They just set off a firecracker by our bedroom as we were settling in for bed. I didn't see them but am prety sure it was them. I put my ear to the wall suspecting it was them and heard them laughing. I am trying not to go off on them because of fear of eviction and blacking out/reacting violently. Yet I feel weak because they laugh and call me a p****, as well as other names. I can't make the pain stop and I so badly want it to. I am angry, ashamed, sad, confused, and hurt.

The past few weeks have been hard for me especially and I feel like I am about to break. I even went so far to write a will, I hate having suicidal ideations/thoughts. I just don't understand why I still suffer trying to do things the right and socially acceptable way. Everything feels like it is falling apart, and I hate these people. It makes me think maybe I should just rage out. Since being cordial yields no results except I am weak because I am not allowed to fight back. The one time I did to defend myself I get threatened for my residence to be taken away and they are allowed to continue. I just want it to end, I feel so useless, weak, and incapable.

How do you deal with feelings like this? I am so conflicted.
 
Just know that you can have these feelings without acting on them. I am having trouble with my neighbors too. They stand in their driveway and talk and I can hear them through my window. What helps me is to write a letter and not send it. Sounds stupid, but it helps.
 
Tribulations, I think the time has come for you to speak up and to hell with the consequences. Better to sleep in a car, than to live in a toxic environment.

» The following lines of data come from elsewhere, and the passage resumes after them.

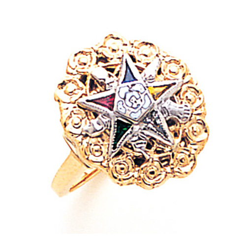 This OES ring has an oval shaped top with beaded texture and is made of polished 10k yellow gold. Five-color enamel Order of the Eastern Star logo is on top. Made in USA.
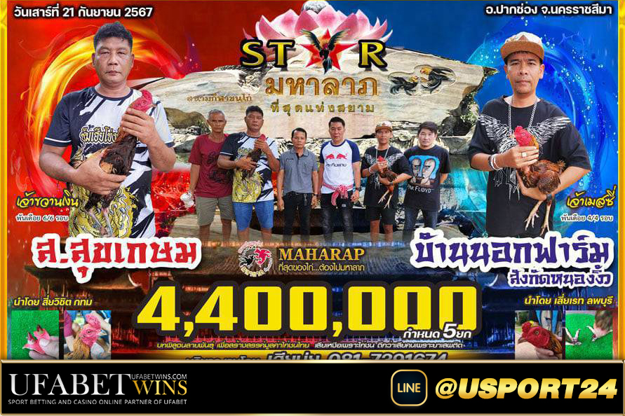สนามชนไก่มหาลาภเสาร์ที่21กันยายน2567
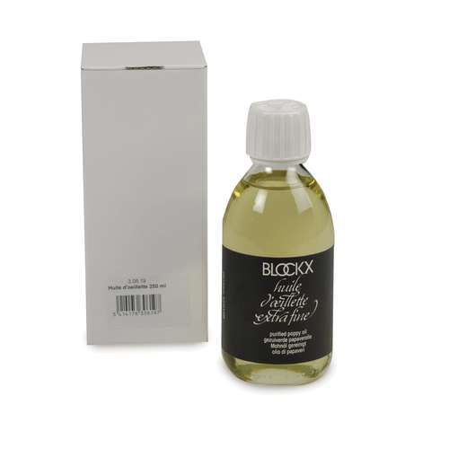 l'huile d'oeillette est moins jaunissante, mais également moins siccative que l’huile de lin. l'Huile d'oeillette est spécialement recommandée pour les couleurs pouvant souffrir d’un jaunissement (blancs, tons clairs et les bleus).
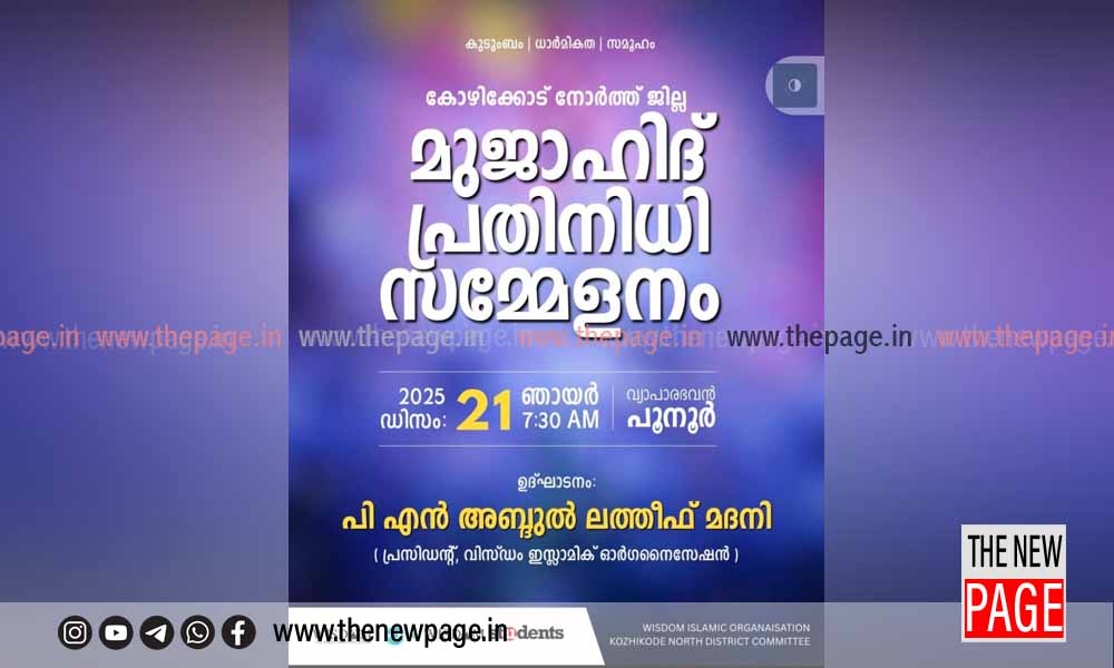 ‘കുടുംബം – സമൂഹം ധാർമ്മികത’ എന്ന പ്രമേയത്തിൽ വിസ്ഡം ഇസ്‌ലാമിക് ഓർഗനൈസേഷൻ സംഘടിപ്പിക്കുന്ന ജില്ലാ മുജാഹിദ് പ്രതിനിധി സമ്മേളനം 21 ന് ഞായറാഴ്ച പൂനൂർ വ്യാപാരഭവൻ ഓഡിറ്റോറിയത്തിൽ നടക്കും. രാവിലെ 8 മണിക്ക് വിസ്ഡം ഇസ്‌ലാമിക് ഓർഗനൈസേഷൻ സംസ്ഥാന പ്രസിഡണ്ട് പി. എൻ അബ്ദുല്ലത്തീഫ് മദനി ഉദ്ഘാടനം ചെയ്യും. സംസ്ഥാന സെക്രട്ടറി നാസർ ബാലുശ്ശേരി അധ്യക്ഷത വഹിക്കും. വിസ്ഡം യൂത്ത് സംസ്ഥാന ജനറൽ സെക്രട്ടറി ടി.കെ നിഷാദ് സലഫി, വിസ്ഡം സ്റ്റുഡൻ്റ്സ് സംസ്ഥാന സെക്രട്ടറി മുഹമദ് സഫ്‌വാൻ അൽ ഹികമി, റഷീദ് കൊടക്കാട്ട്, അബ്ദുറഹ്മാൻ ചുങ്കത്തറ, സി.പി ഷഹീർ, ഫസീഹ് പി.ഒ, ഡോ. അബ്ദുൽ മാലിക്ക്, നിയാസ് കക്കാട്, യൂനുസ് പട്ടാമ്പി വിവിധ വിഷയങ്ങൾ അവതരിപ്പിക്കും.
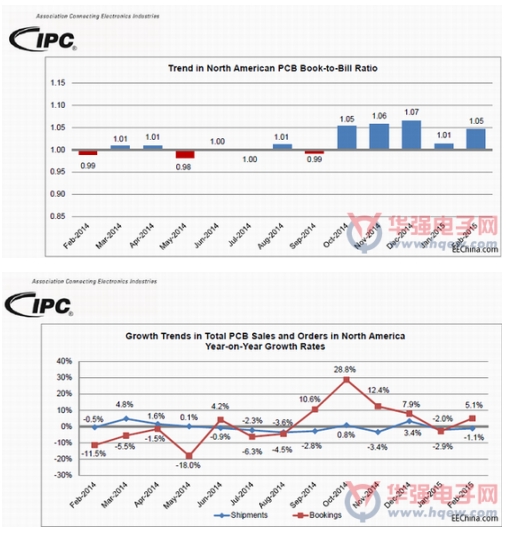 PCB總訂單量,與2014年2月份相比,同比增長5.1%,推動年初至今的訂單量增長0.9%;與上個月相比,環(huán)比下降了0.7%。2015年2月份北美地區(qū)PCB行業(yè)訂單出貨比,高達(dá)1.05。
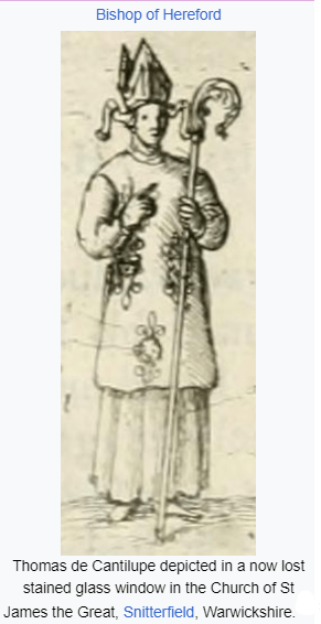 The other important fact about the Cantilupes, of course, is that they boast a saint, St Thomas de Cantilupe, Bishop of Hereford, who seems to have two feast days, 25 August and today,2 October. I haven’t investigated to find out why he has two.
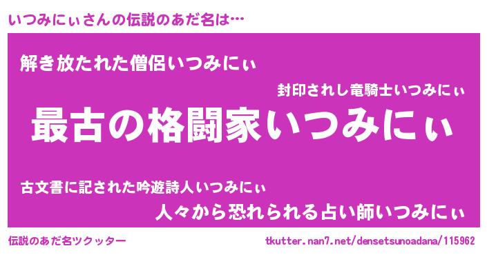 | ヒーロー風カッコイイあだ名 | 『ウルトラいつみにぃマン』 |
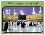 The slide show deals with Hajj as a sacred journey and why it needs to be performed. The slides also explain the different rituals that take place during Hajj and the significance of each one.
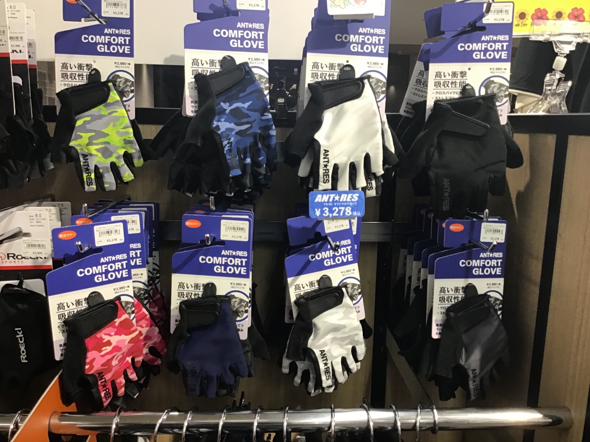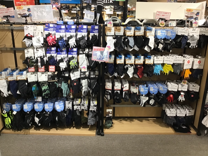 他にも沢山のグローブの在庫を揃えています。ロングライド向けにパッドがとても分厚く出来ている物もあれば、
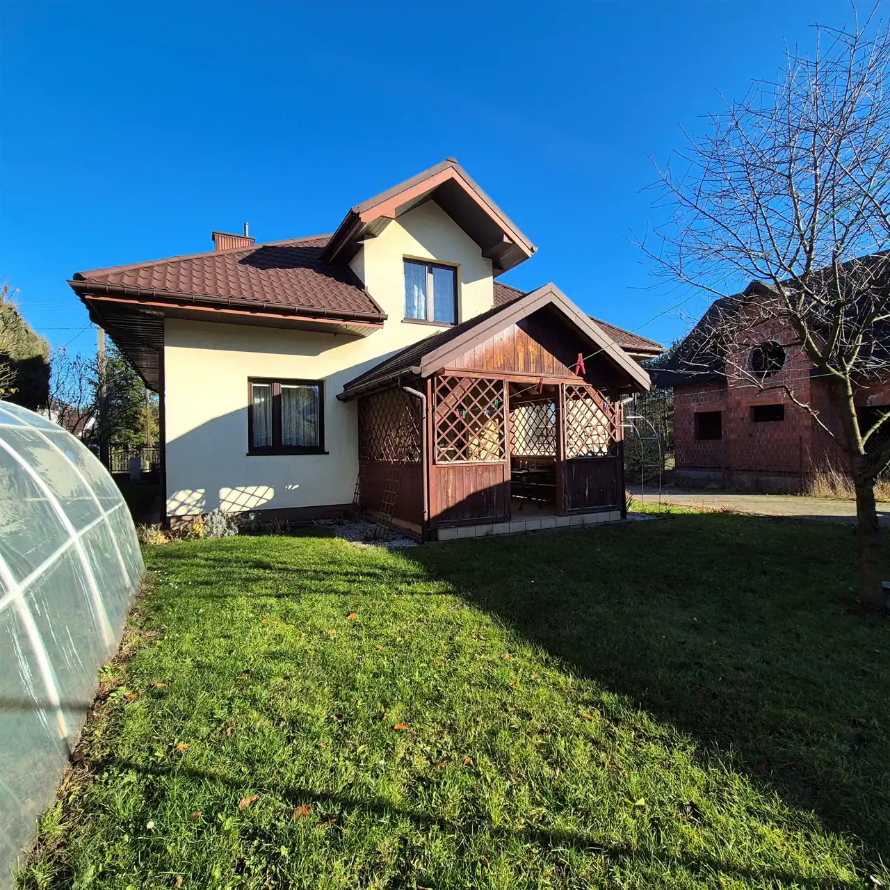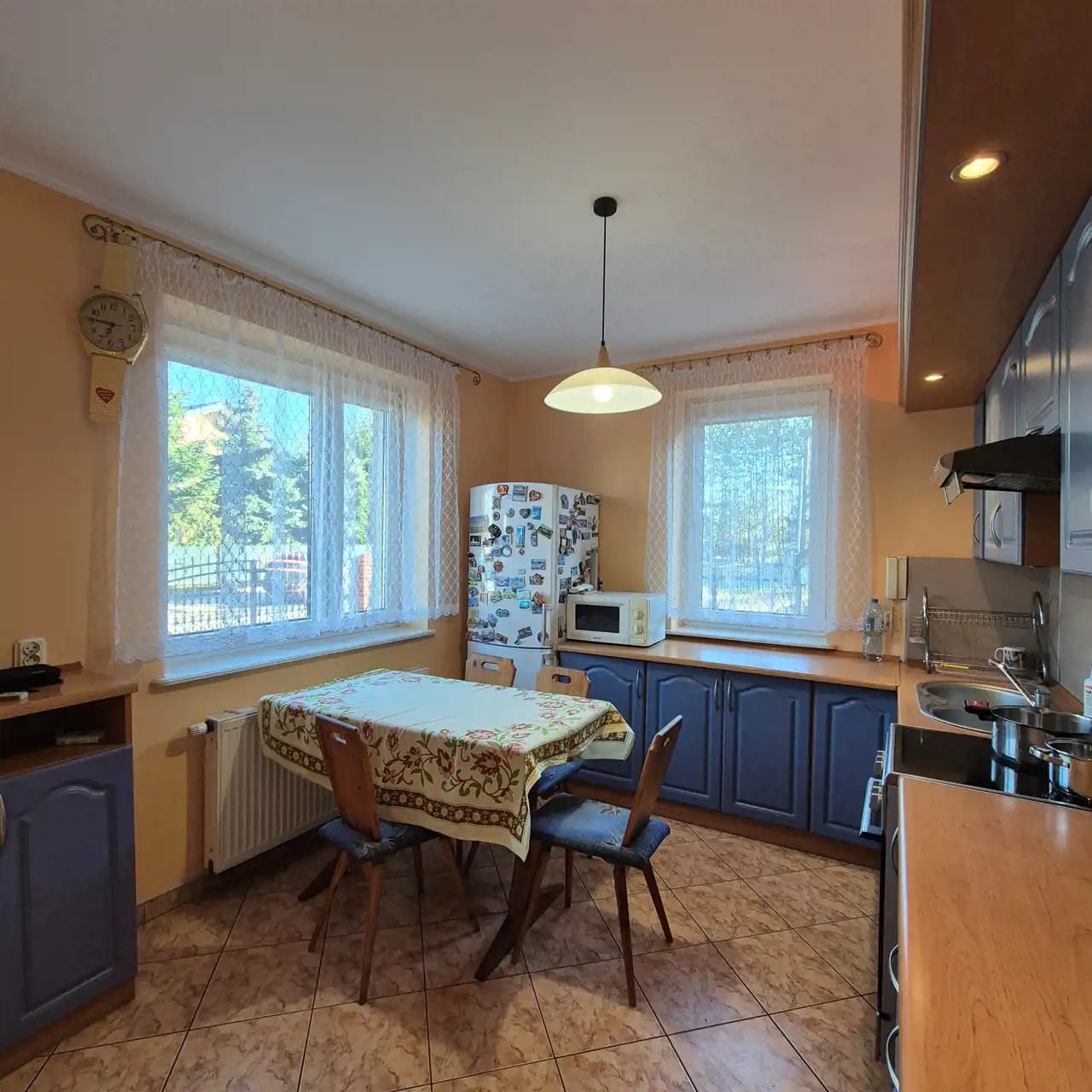 Okna plastikowe. Dom zbudowany z gazobetonu 36 cm, ocieplenie styropianem 7 cm. Na dachu blachodachówka, dach ocieplony wełną 15 cm. W podłodze jest styropian twardy 10 cm.
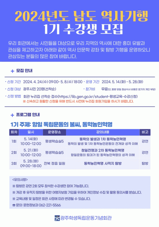 [¹Ìµð¾îÀü³² Á¦°¥´ëÁ¾ ±âÀÚ] ±¤ÁÖÇлýµ¶¸³¿îµ¿±â³äȸ°üÀÌ ¿À´Â 24ÀϺÎÅÍ ³»´Þ 8ÀϱîÁö ½Ã¹ÎµéÀ» ´ë»óÀ¸·Î ¡®³²µµ ¿ª»ç±âÇ࡯ 1±â ¼ö°»ýÀ» ¸ðÁýÇÑ´Ù. ¡®³²µµ ¿ª»ç±âÇ࡯Àº ¿ì¸® Áö¿ªÀ» ¹è°æÀ¸·Î ÇÑ ¿ª»çÀû »ç°Ç°ú Àǹ̸¦ ÅëÇØ °ú°Å¿Í ¡¦
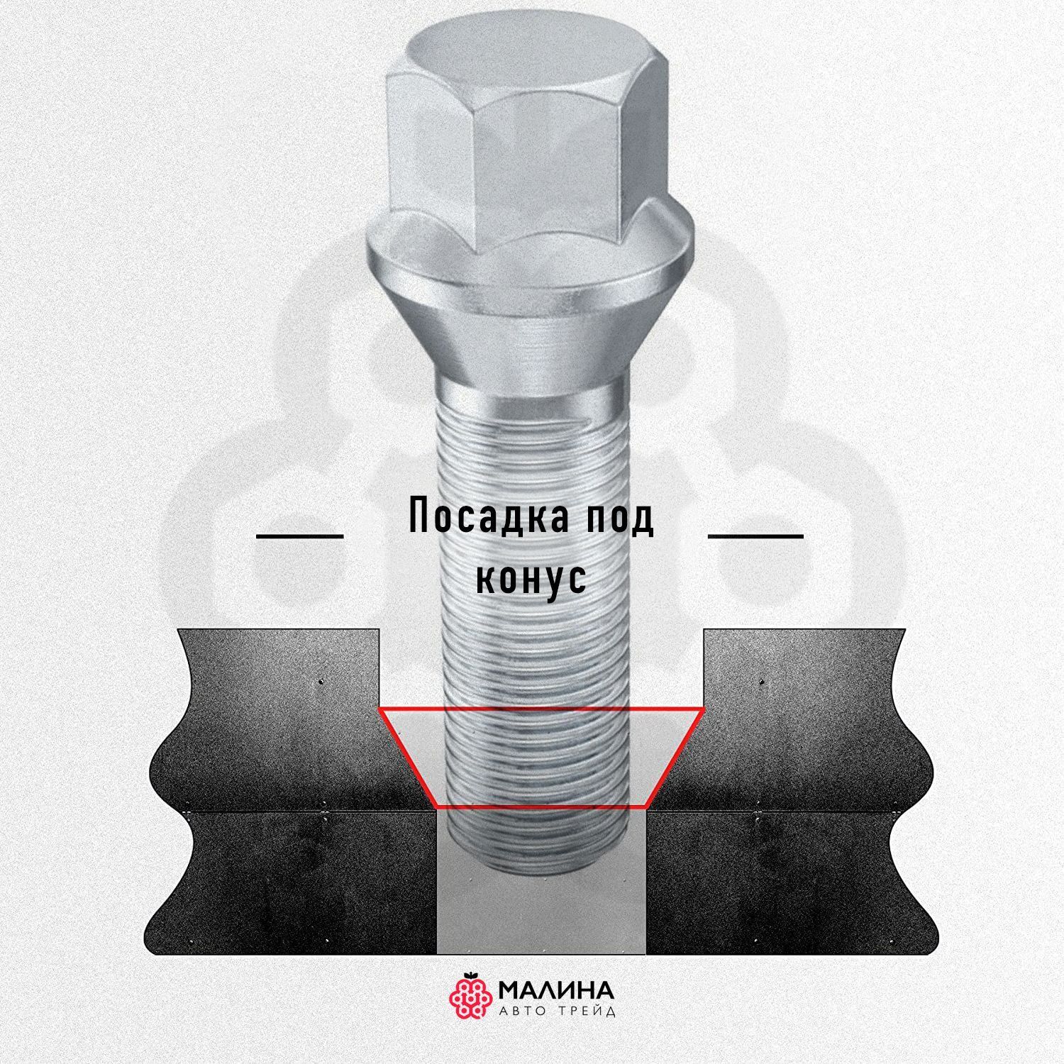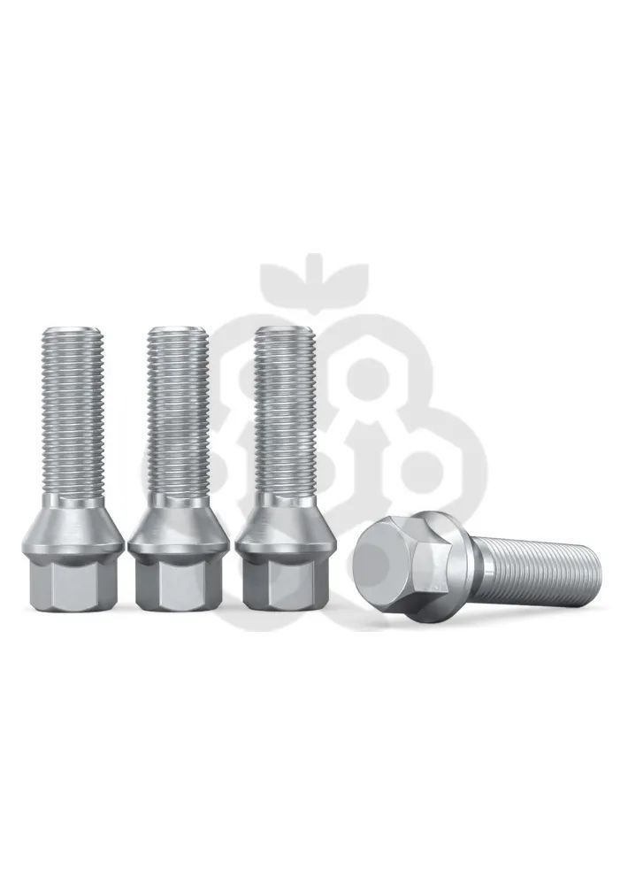 Болт колёсный М14x1.5 длина 55мм ключ 17мм конус цинк (20 шт) для Audi, Mercedes, Skoda, VW, Porsche, Seat, Jaecoo, Zeekr, Haval, Geely Monjaro, Voyah

Just know that you can have these feelings without acting on them.
Monster, those feelings are now making her physically ill. That is not acceptable, ever.

My logic behind this: being silent is causing you more harm than it is worth. Even Jesus used a whip to chase evil out of the temple. The reason being, it was His house and they were making mockery of it. Just like your neighbors are causing mockery in "your" house.

I understand turning the other cheek, but sugar, you are not God. They believe that you will do nothing, so they progressively get worse and worse. There comes a time when you have to make the decision to stop the crap.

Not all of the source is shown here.